The Magic of Compounding Interest: How It Can Supercharge Your Savings
When most people think of compounding interest, credit cards, mortgages, and personal loans come to mind. Unfortunately, these examples work to your disadvantage as they lead to higher interest charges you must pay. But there’s another side to compounding interest that works in your favor, and you can use it to supercharge your savings starting today.
What is Compounding Interest?
Compounding interest is interest that accrues on your loan principal – the original amount you financed – and then more interest is calculated based on the new loan principal each time interest compounds.
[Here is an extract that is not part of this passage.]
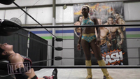 A surprise super kick knocks Diamante out right at the start of this match. MJ then proceeds to just dominate Diamante all match long, along the way locking her in several different scissor holds, wearing Diamante down. A final figure four head scissor has Diamante gasping for air until she passes out.

The lender determines how this type of interest compounds daily, monthly, or annually.
The more frequently interest compounds, the more you’ll pay over the loan term. For this reason, it’s crucial to make loan and credit card payments on time, every time – to avoid paying unnecessary interest and late fees.
Compounding Interest vs. Simple Interest
There are two types of interest: simple and compounding. The difference is how they are calculated.
Simple interest uses a straightforward calculation; it takes the loan principal – the amount you borrowed – and multiplies it against the interest rate over the loan term.
- For example, a $10,000 loan with 7.5% simple interest over five years would cost you $3,750 in interest. Remember that this doesn’t reflect the cost of taxes or loan fees.
Compounding interest is trickier because the interest builds on any accumulated interest.
- Using the example above, assuming you make your loan payments on time each month, you’ll pay less interest over the loan term: $2,022.77. However, if you miss one or more payments, the interest you’ll pay quickly builds. Missing payments on more complex loans results in paying interest on your loan principal and any accrued interest. So, you end up paying more interest on the loan.
Best Ways to Maximize Savings Using Compounding Interest
While these are great examples of how compounding interest works with loans, we want to focus on how to turn that interest in your favor and maximize your savings.
It’s time to show you how your money can work harder for you instead of you working harder for money. There are four easy ways to accomplish this: savings account, money market account, certificate of deposit, or treasury bond.
1. Savings and Money Market Accounts
Savings and money market accounts work similarly. The difference between the two from an interest rate perspective is that money market accounts tend to earn a higher interest yield than regular savings accounts.
Earning compound interest on your savings is calculated based on the amount in your account. Interest generally compounds daily, and the yields are added to your account monthly. The more money you have in your account each month, the more interest you earn.
2. Certificates of Deposit
Certificates of deposit are fun when you really want to watch your money grow. They earn significantly more interest than savings and money market accounts. Make no mistake; having a savings account is essential. But adding one or more CDs will supercharge your savings faster and help you build wealth.
Remember that interest rates fluctuate, so today’s rates might change tomorrow or next week. We sometimes offer special promotional rates for CDs, too. So, watch for those and take advantage of them.
3. Treasury Bonds
Unlike savings accounts, money market accounts, and CDs, treasury bonds are a type of investment. But they do earn compound interest, which gives you a higher overall return on your investment.
Treasury bonds are a long-term investment, meaning they earn interest as they mature, which usually takes 10 years or more depending on the bond. However, unlike other investments such as stocks and mutual funds, treasury bonds are one of the safest investments available because you’ll have the full faith and credit of the U.S. government backing them.
The Final Word
You can use compounding interest to grow your wealth with the different savings vehicles mentioned above. You’ll earn more money over time by reinvesting the accrued interest into your savings.
Whether your goal is to build your net worth or save for retirement, compounding interest is a powerful tool to supercharge your savings, allowing your money to work harder for you.